:: Data records

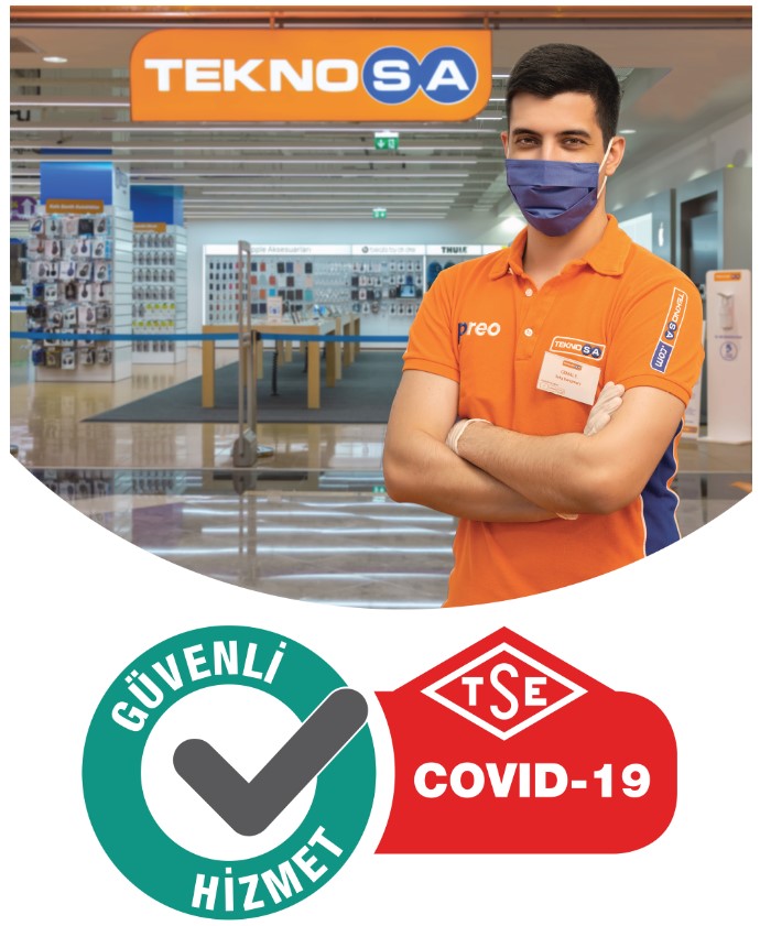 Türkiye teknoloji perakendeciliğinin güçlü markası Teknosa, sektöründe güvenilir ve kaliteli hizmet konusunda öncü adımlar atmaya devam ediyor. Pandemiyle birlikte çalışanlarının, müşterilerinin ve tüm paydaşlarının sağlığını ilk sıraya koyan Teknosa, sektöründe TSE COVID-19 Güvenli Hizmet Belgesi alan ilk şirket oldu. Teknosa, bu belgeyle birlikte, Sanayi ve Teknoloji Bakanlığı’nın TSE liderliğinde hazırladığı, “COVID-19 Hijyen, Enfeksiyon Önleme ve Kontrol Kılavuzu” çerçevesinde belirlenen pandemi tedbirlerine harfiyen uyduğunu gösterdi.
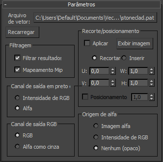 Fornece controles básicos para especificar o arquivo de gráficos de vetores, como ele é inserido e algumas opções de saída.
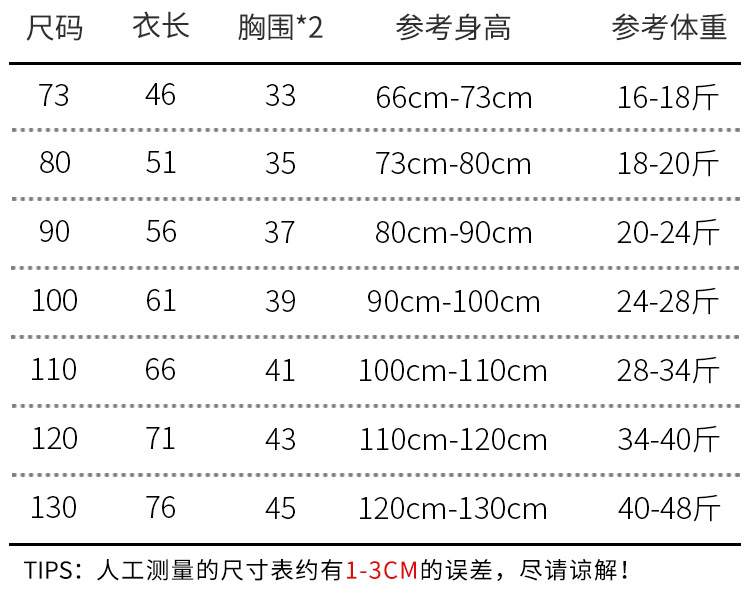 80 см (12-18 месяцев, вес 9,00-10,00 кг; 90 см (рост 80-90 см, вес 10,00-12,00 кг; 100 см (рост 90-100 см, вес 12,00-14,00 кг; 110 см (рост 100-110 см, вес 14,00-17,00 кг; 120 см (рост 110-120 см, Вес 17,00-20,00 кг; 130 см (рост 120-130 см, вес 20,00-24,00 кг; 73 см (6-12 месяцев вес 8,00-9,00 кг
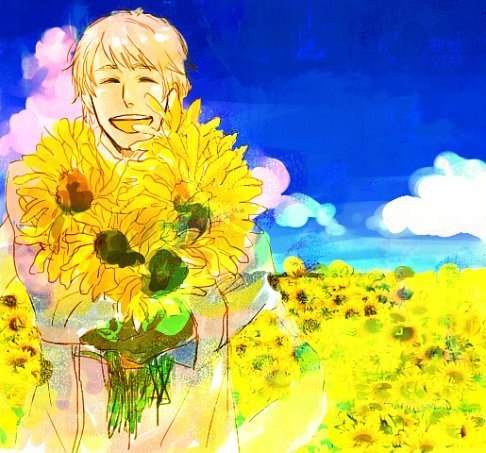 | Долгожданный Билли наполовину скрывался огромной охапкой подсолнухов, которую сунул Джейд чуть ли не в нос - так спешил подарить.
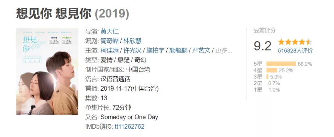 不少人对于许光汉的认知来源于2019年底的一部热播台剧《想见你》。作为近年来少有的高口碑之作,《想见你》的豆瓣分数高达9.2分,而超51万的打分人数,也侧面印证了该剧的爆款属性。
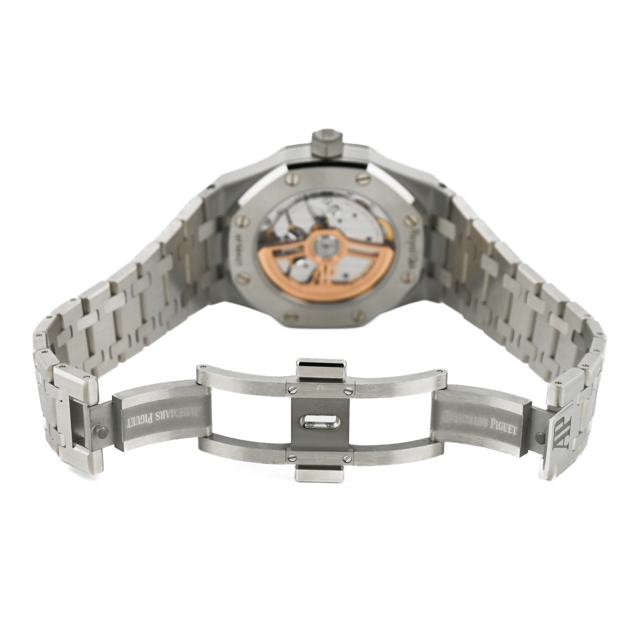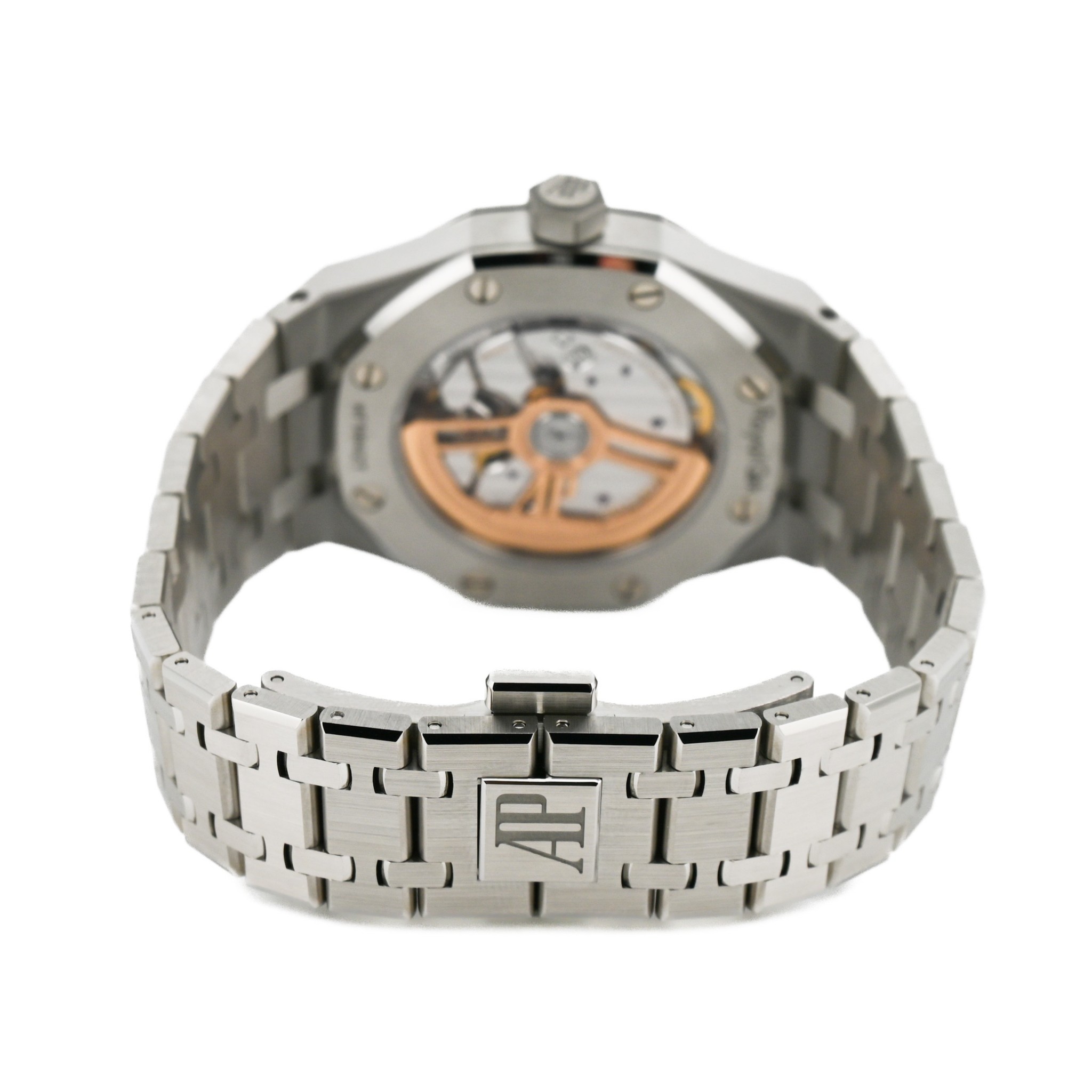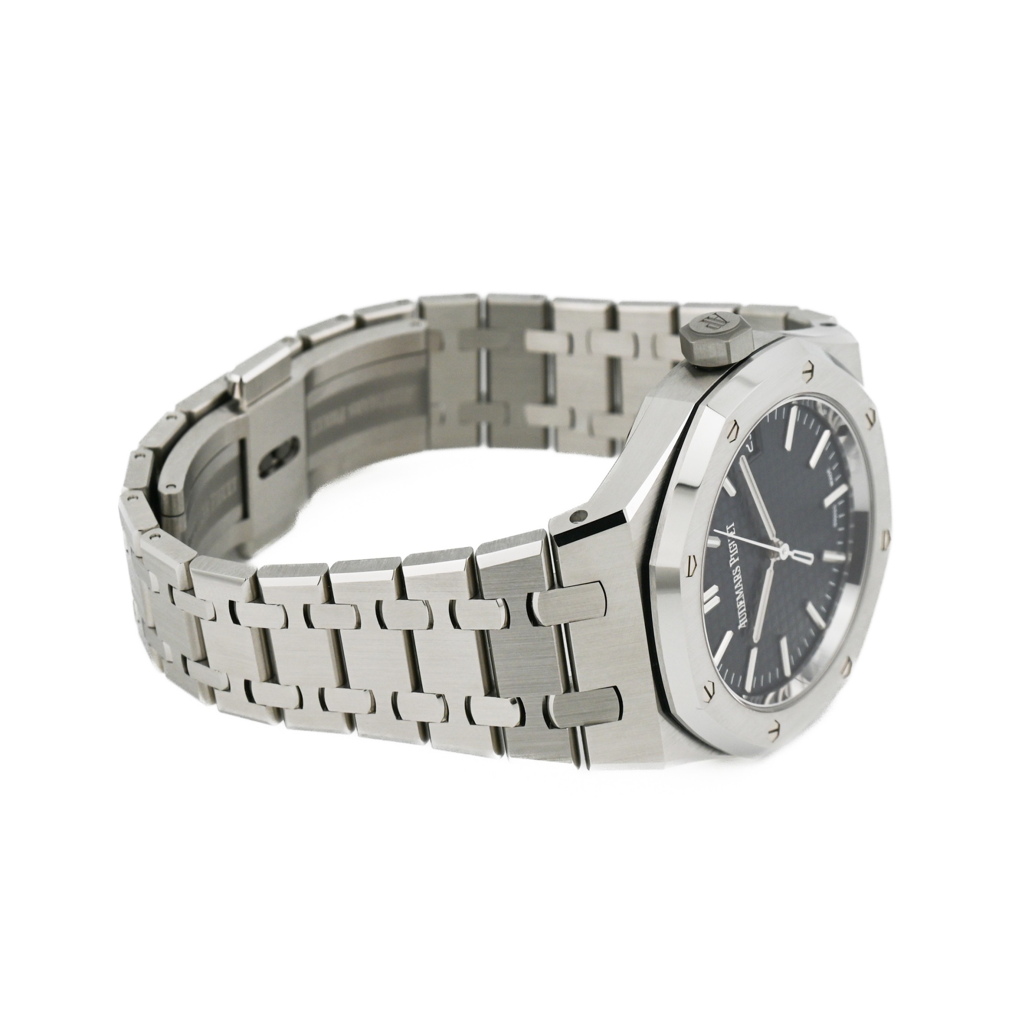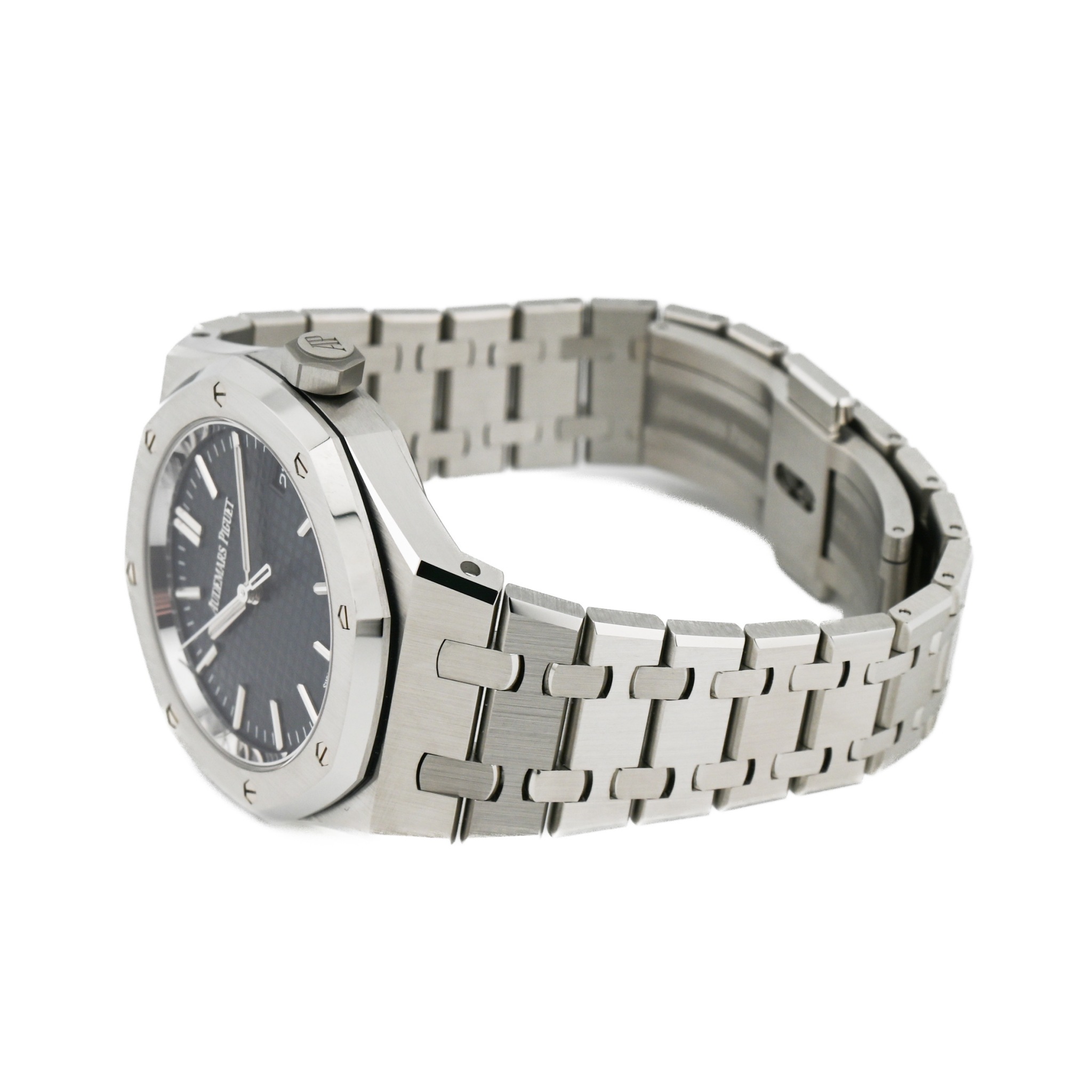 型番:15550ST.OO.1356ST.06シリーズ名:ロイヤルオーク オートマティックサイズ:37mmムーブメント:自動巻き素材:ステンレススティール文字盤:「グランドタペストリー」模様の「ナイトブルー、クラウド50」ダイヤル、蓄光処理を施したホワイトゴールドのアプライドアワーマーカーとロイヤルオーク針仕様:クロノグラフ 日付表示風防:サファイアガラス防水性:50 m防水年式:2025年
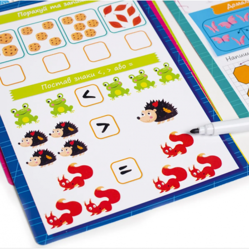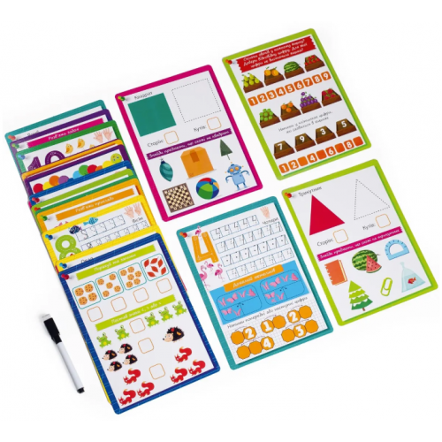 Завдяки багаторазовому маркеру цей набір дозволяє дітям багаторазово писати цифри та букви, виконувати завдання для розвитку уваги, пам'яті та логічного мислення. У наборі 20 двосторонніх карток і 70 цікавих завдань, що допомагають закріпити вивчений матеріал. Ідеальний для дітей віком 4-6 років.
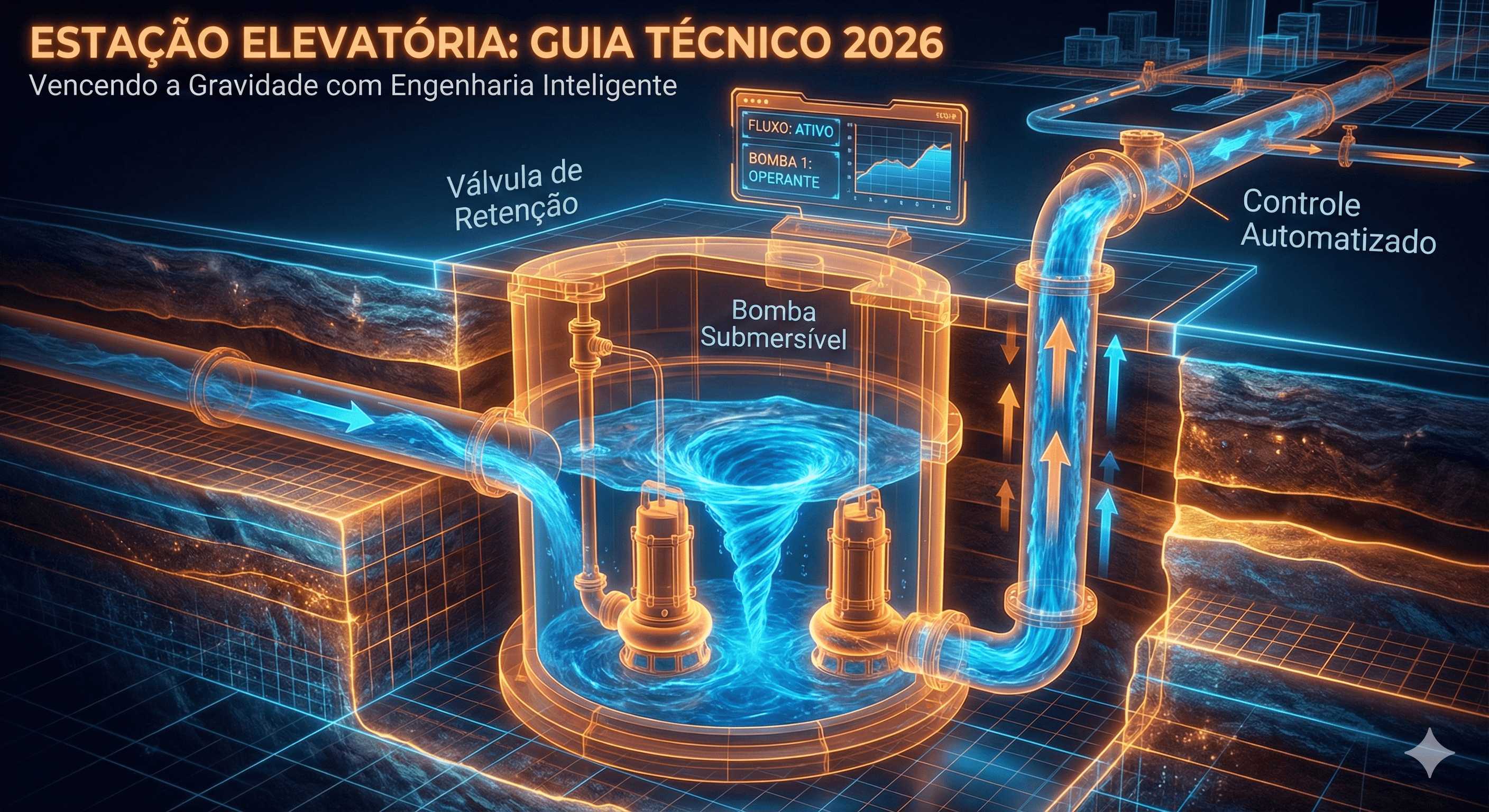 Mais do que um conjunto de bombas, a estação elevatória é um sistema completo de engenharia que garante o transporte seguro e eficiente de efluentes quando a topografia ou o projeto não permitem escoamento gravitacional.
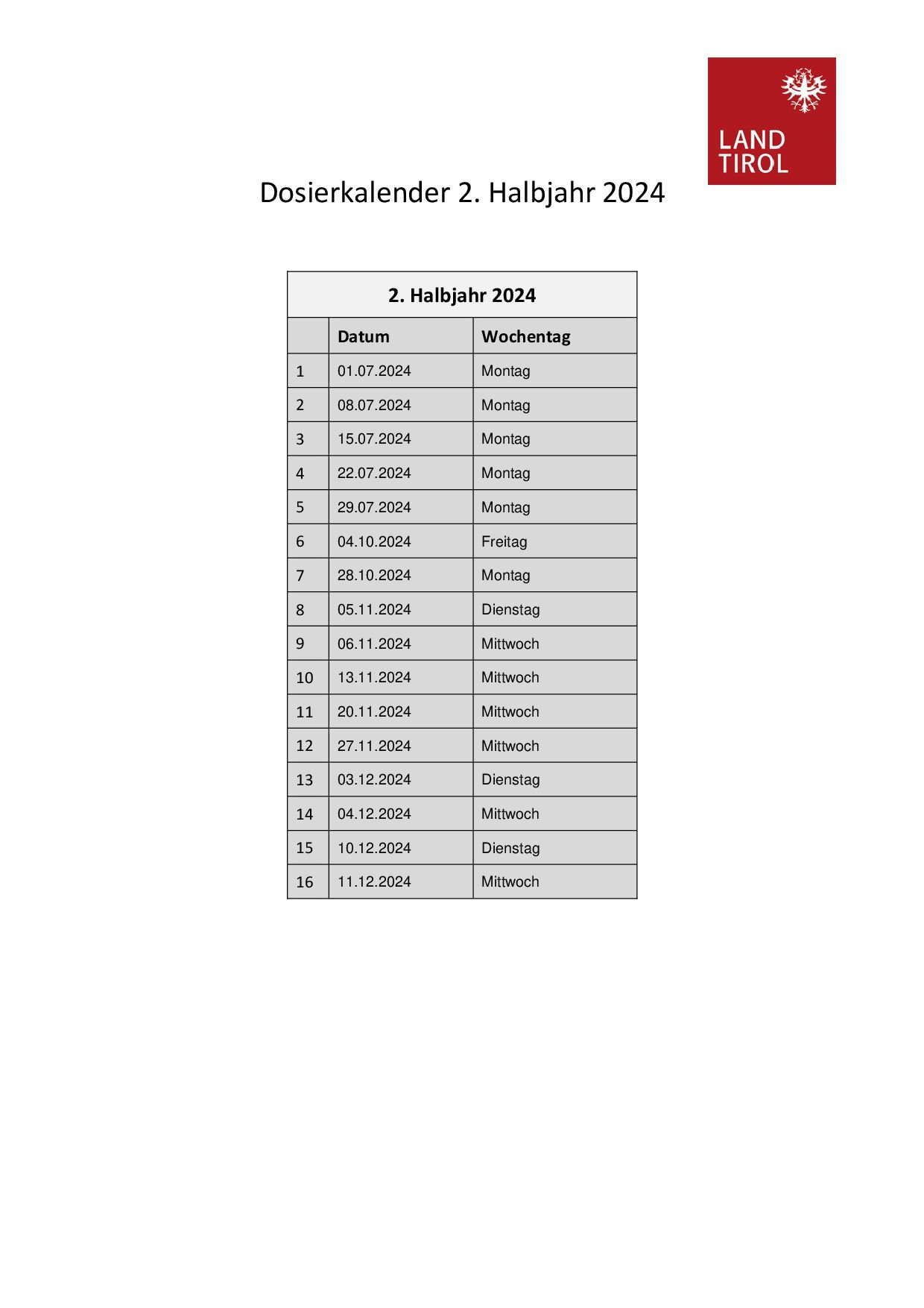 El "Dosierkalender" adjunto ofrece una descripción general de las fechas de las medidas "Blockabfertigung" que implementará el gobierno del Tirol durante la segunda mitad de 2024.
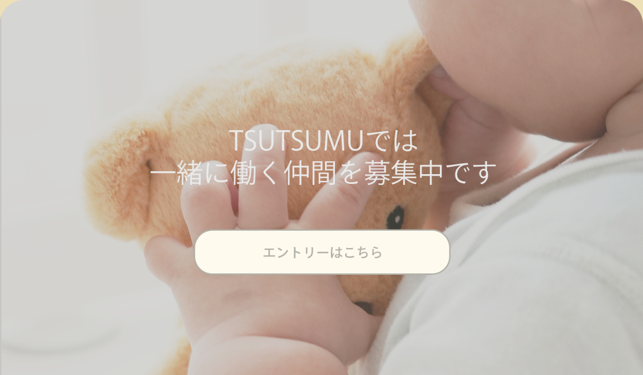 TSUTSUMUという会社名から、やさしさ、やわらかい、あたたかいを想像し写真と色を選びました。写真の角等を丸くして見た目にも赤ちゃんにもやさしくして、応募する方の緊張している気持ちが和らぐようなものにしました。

::::

Exercise brief:
The copy starts at the line holding "Fornece controles básicos" and ends at the last line of the records above. Transcribe those lines exactly, pictures excluded.

Exercise output:
 Fornece controles básicos para especificar o arquivo de gráficos de vetores, como ele é inserido e algumas opções de saída.
 80 см (12-18 месяцев, вес 9,00-10,00 кг; 90 см (рост 80-90 см, вес 10,00-12,00 кг; 100 см (рост 90-100 см, вес 12,00-14,00 кг; 110 см (рост 100-110 см, вес 14,00-17,00 кг; 120 см (рост 110-120 см, Вес 17,00-20,00 кг; 130 см (рост 120-130 см, вес 20,00-24,00 кг; 73 см (6-12 месяцев вес 8,00-9,00 кг
 | Долгожданный Билли наполовину скрывался огромной охапкой подсолнухов, которую сунул Джейд чуть ли не в нос - так спешил подарить.
 不少人对于许光汉的认知来源于2019年底的一部热播台剧《想见你》。作为近年来少有的高口碑之作,《想见你》的豆瓣分数高达9.2分,而超51万的打分人数,也侧面印证了该剧的爆款属性。
 型番:15550ST.OO.1356ST.06シリーズ名:ロイヤルオーク オートマティックサイズ:37mmムーブメント:自動巻き素材:ステンレススティール文字盤:「グランドタペストリー」模様の「ナイトブルー、クラウド50」ダイヤル、蓄光処理を施したホワイトゴールドのアプライドアワーマーカーとロイヤルオーク針仕様:クロノグラフ 日付表示風防:サファイアガラス防水性:50 m防水年式:2025年
 Завдяки багаторазовому маркеру цей набір дозволяє дітям багаторазово писати цифри та букви, виконувати завдання для розвитку уваги, пам'яті та логічного мислення. У наборі 20 двосторонніх карток і 70 цікавих завдань, що допомагають закріпити вивчений матеріал. Ідеальний для дітей віком 4-6 років.
 Mais do que um conjunto de bombas, a estação elevatória é um sistema completo de engenharia que garante o transporte seguro e eficiente de efluentes quando a topografia ou o projeto não permitem escoamento gravitacional.
 El "Dosierkalender" adjunto ofrece una descripción general de las fechas de las medidas "Blockabfertigung" que implementará el gobierno del Tirol durante la segunda mitad de 2024.
 TSUTSUMUという会社名から、やさしさ、やわらかい、あたたかいを想像し写真と色を選びました。写真の角等を丸くして見た目にも赤ちゃんにもやさしくして、応募する方の緊張している気持ちが和らぐようなものにしました。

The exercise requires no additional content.